Uitspraak
1.Geding in cassatie
2.Beoordeling van het eerste, het tweede en het derde middel
3.Beoordeling van het vierde middel
4.Slotsom
5.Beslissing
7 januari 2014.
Hoge Raad
Op 7 januari 2014 heeft de Hoge Raad der Nederlanden uitspraak gedaan in een cassatiezaak tegen een arrest van het Gerechtshof te 's-Hertogenbosch, dat op 10 oktober 2012 was gewezen. De zaak betreft een verdachte, geboren in 1982, die in cassatie is gegaan tegen een eerder vonnis.

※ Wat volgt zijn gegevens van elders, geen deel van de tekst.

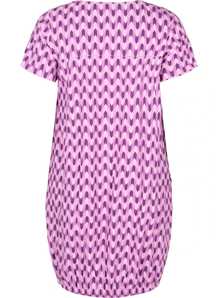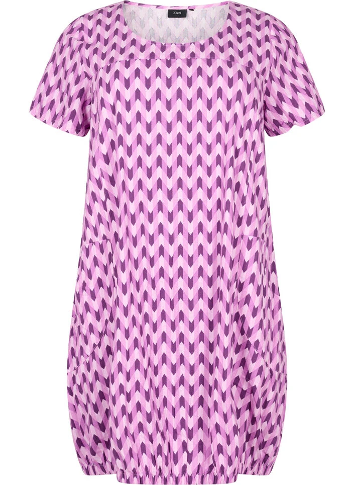 Feminine dress made from 100% cotton, with a gorgeous all over print. The dress has short sleeves, a round neckline, and front pockets. It is finished with an elasticated hem, which creates a lovely fit.

De verdediging, vertegenwoordigd door mr. I.T.H.L. van de Bergh, heeft middelen van cassatie ingediend. De Advocaat-Generaal G. Knigge heeft geconcludeerd tot verwerping van het beroep. De Hoge Raad heeft de middelen beoordeeld en geconcludeerd dat de eerste drie middelen niet tot cassatie kunnen leiden, omdat zij geen rechtsvragen in het belang van de rechtseenheid of rechtsontwikkeling aan de orde stellen.

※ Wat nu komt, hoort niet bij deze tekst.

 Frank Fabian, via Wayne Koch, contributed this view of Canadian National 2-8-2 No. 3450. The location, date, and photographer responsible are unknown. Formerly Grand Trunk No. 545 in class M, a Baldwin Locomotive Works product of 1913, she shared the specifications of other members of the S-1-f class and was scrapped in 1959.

Echter, het vierde middel, dat betrekking heeft op de overschrijding van de redelijke termijn zoals bedoeld in artikel 6, eerste lid, van het Europees Verdrag voor de Rechten van de Mens (EVRM), is gegrond bevonden. De Hoge Raad oordeelt dat de redelijke termijn in de cassatiefase is overschreden, omdat de stukken te laat door het Hof zijn ingezonden. Dit heeft geleid tot een vermindering van de aan de verdachte opgelegde gevangenisstraf van negen jaren en negen maanden naar negen jaren en acht maanden.

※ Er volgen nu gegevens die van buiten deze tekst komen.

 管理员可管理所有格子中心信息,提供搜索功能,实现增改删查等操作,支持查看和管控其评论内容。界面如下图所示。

De Hoge Raad heeft de bestreden uitspraak vernietigd, maar uitsluitend wat betreft de duur van de opgelegde gevangenisstraf. Het beroep is voor het overige verworpen. Deze uitspraak is gedaan in aanwezigheid van de waarnemend griffier S.P.J. Lugtenburg en is openbaar uitgesproken.